Guerre Ukraine – Russie : pourquoi Vladimir Poutine n’aurait pas pu entraîner des combattants en Afrique
BBC
Par Peter Mwai
Une image en noir et blanc, dont certains prétendent à tort qu’elle montre le président russe Vladimir Poutine en train de former des mouvements de libération en Afrique australe, circule sur internet.
Elle a été utilisée par certains pour justifier le fait que les pays africains devraient soutenir la Russie dans la guerre en Ukraine.
L’image a également été publiée sur Twitter par le fils du président ougandais Yoweri Museveni.
Mais elle ne montre pas M. Poutine en Afrique, et le moment où les gens prétendent qu’elle a été prise est également incorrect.
Poutine n’était pas en Tanzanie
La photographie a été largement partagée en ligne après avoir été publiée sur des blogs zimbabwéens à la fin de 2018.
Les posts affirmaient qu’elle montrait M. Poutine dans un camp d’entraînement militaire tanzanien pour les mouvements d’indépendance d’Afrique australe en 1973.
Le futur président du Mozambique, Samora Machel, et Emmerson Mnangagwa, aujourd’hui président du Zimbabwe, étaient également présents sur la photo, affirme-t-on.
« Poutine a séjourné en Tanzanie pour former des combattants de la liberté pendant quatre ans, de 1973 à 1977 », affirme également le blog.
Toutefois, rien dans les archives russes ou africaines ne prouve que M. Poutine, né en 1952, se soit rendu sur le continent dans les années 1970.
Le profil de M. Poutine sur le site web du Kremlin montre qu’il étudiait à l’Université d’État de Leningrad à l’époque et qu’il a obtenu son diplôme en 1975.
« Cette affirmation est tout simplement ridicule », déclare Paul Fauvet, un journaliste qui vit au Mozambique depuis plusieurs décennies.
La formation offerte aux combattants de la liberté mozambicains dans des camps en Tanzanie, dit-il, « était dispensée par des instructeurs chinois et non par les Soviétiques ».
Par ailleurs, M. Mnangagwa n’aurait pas pu se trouver en Tanzanie en 1973, car il a été arrêté en 1965 et emprisonné pendant dix ans par le gouvernement de la Rhodésie du Sud, alors à majorité blanche.
Une visite russe au Mozambique dans les années 1980 ?

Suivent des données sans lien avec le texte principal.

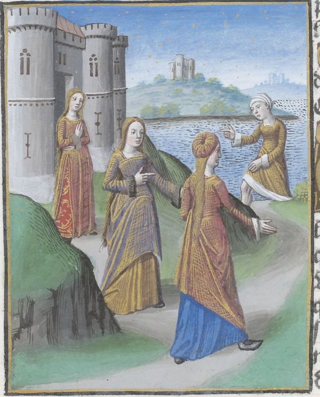 Parigi, Bibliothèque Nationale de France, Vélins 1223, f. i8v. Incunabolo miniato stampato a Parigi da Antoine Vérard il 26/04/1493. Veturia, accompagnata da due donne, parla con i…

L’auteur mozambicain Renato Matusse a utilisé la photo dans son livre de 2018, où il dit qu’elle montre M. Machel avec des conseillers militaires soviétiques visitant une installation militaire près de la capitale du pays, Maputo, au milieu des années 1980.
Mais il dit qu’il est clair que M. Poutine n’est pas l’homme en question.
M. Poutine travaillait en tant qu’agent du KGB en Allemagne de l’Est entre 1985 et 1990 et, au début, il aurait été un officier de rang inférieur, ce qui rend très improbable qu’il ait été un membre dirigeant d’une telle délégation.
Il n’est pas non plus fait mention de sa visite au Mozambique par le Kremlin, ni dans aucune de ses biographies.
José Milhazes, historien et journaliste, suggère que la personne apparaissant sur la photo était un autre haut fonctionnaire soviétique en poste en Afrique australe.
« Quant aux similitudes, je ne peux que dire qu’elles sont une pure coïncidence », dit-il.
Georgi Derluguian, qui a travaillé comme interprète portugais-russe dans les années 1980 et qui est aujourd’hui professeur à l’université de New York à Abu Dhabi, considère que l’affirmation selon laquelle l’homme sur la photo est M. Poutine « est une blague ».
Selon lui, les bottes portées indiquent que la personne est un militaire, alors que M. Poutine était un officier de renseignement. L’apparence ressemble également davantage à celle d’un M. Poutine plus âgé.
Et une dernière pièce à ajouter à ce puzzle.
L’homme mystère de la photo porte une montre au bras gauche. M. Poutine – du moins de nos jours – a l’habitude d’en porter une au bras droit.